- Directed by: Anna Melikian
- Written by: Mikhail Idov
- Produced by: Natella Krapivina
- Starring: Konstantin Khabensky; Viktoriya Isakova; Yulia Peresild; Sergey Nabiyev; Varvara Shmykova; Valentin Vall;
- Cinematography: Nikolai Zheludovich
- Music by: Konstantin Poznekov
- Production company: Metrafilms
- Release date: December 3, 2020;
- Country: Russia
- Language: Russian

= The Three (film) =

The Three (Трое) is a 2020 Russian drama film directed by Anna Melikian. It premiered at the Patriki Film Festival and was theatrically released in Russia on December 3, 2020.

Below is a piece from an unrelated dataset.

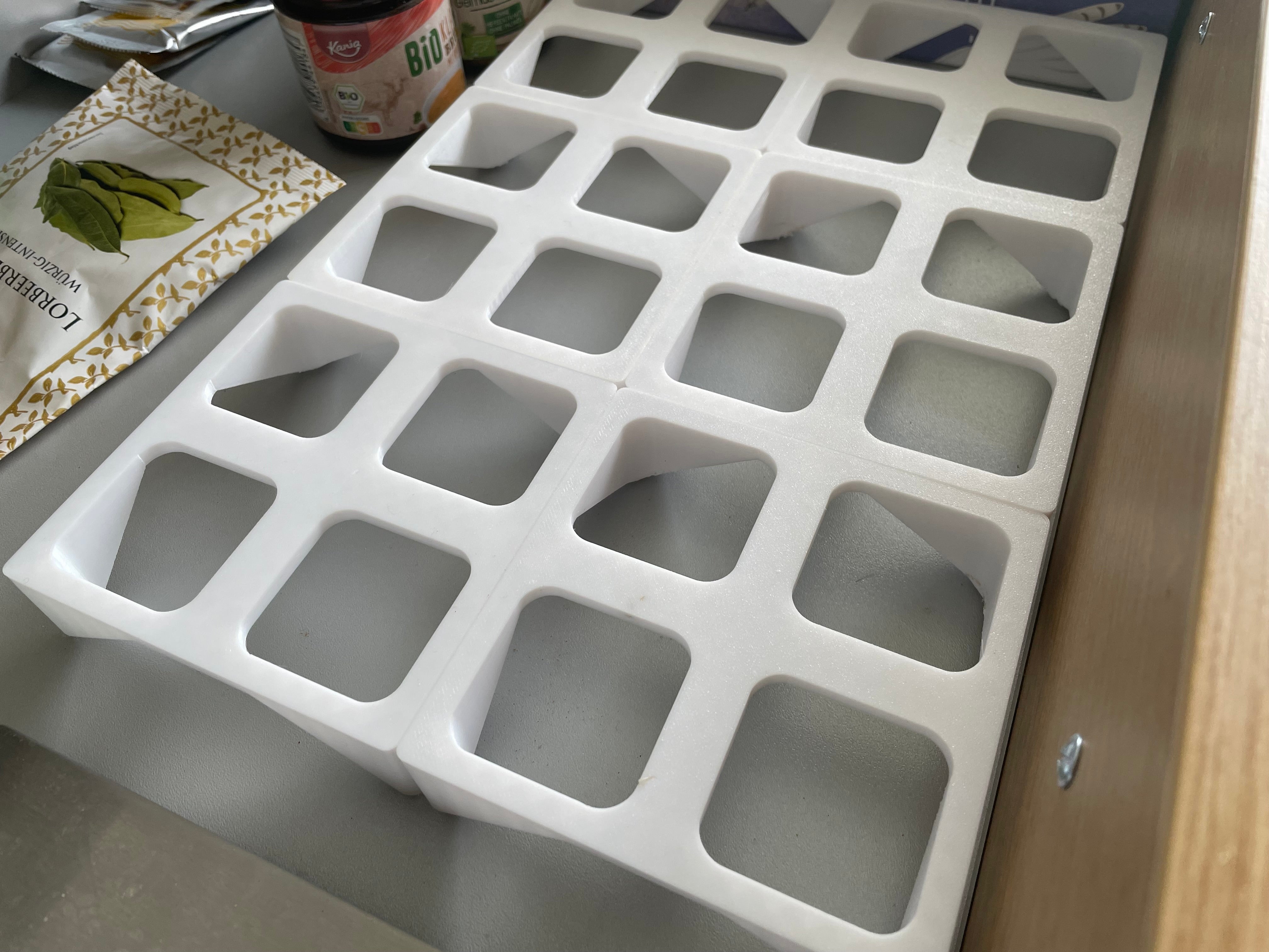 Organisera dina kryddor med denna praktiska kryddburkförpackning designad för lådor. Det ger ett effektivt sätt att hålla dina kryddor på plats och lättillgängliga. Denna variant är idealisk för rektangulära kryddburkar, men den kan även anpassas till runda kryddburkar, vilket gör den flexibel för olika förvaringsbehov.

The film is about a married TV show host who receives an award and meets a new love, causing him to suffer and doom those he loves to suffering.

== Plot ==
The film centers on Muscovites Sasha and Zlata, a seemingly ideal couple who have been together for a decade. Both have successful careers: Sasha (played by Konstantin Khabensky) hosts a popular evening TV show, and Zlata (Viktoriya Isakova) is a well-regarded psychologist who conducts motivational workshops. However, their outwardly perfect life is a facade. Sasha is burnt out and feels stifled in his controlled relationship with Zlata, who is troubled by their childless marriage. When Sasha, receives yet another award in St. Petersburg, he impulsively attempts suicide by drowning in the Neva river. A passerby, a free-spirited local named Veronika (Yuliya Peresild), rescues him and takes him home, igniting a spark between them. Though Sasha doesn’t act on his attraction, he returns to Moscow preoccupied with Veronika, complicating his life with Zlata, who suspects something is amiss.

As Sasha’s thoughts drift constantly to Veronika, Zlata grows increasingly uneasy, eventually discovering Veronika’s contact on his phone. Confronted with her husband’s emotional betrayal, she decides to leave, but not before meeting Veronika in person. Finding nothing exceptional about her rival, Zlata ultimately buys Veronika a new apartment to end any connection between her and Sasha. Disappointed by Sasha's indecision, Veronika eventually chooses to leave him as well, realizing he cannot commit. In the film’s open-ended conclusion, Sasha is seen near water, contemplating his next move, hinting at a possible new beginning but leaving his choice unresolved.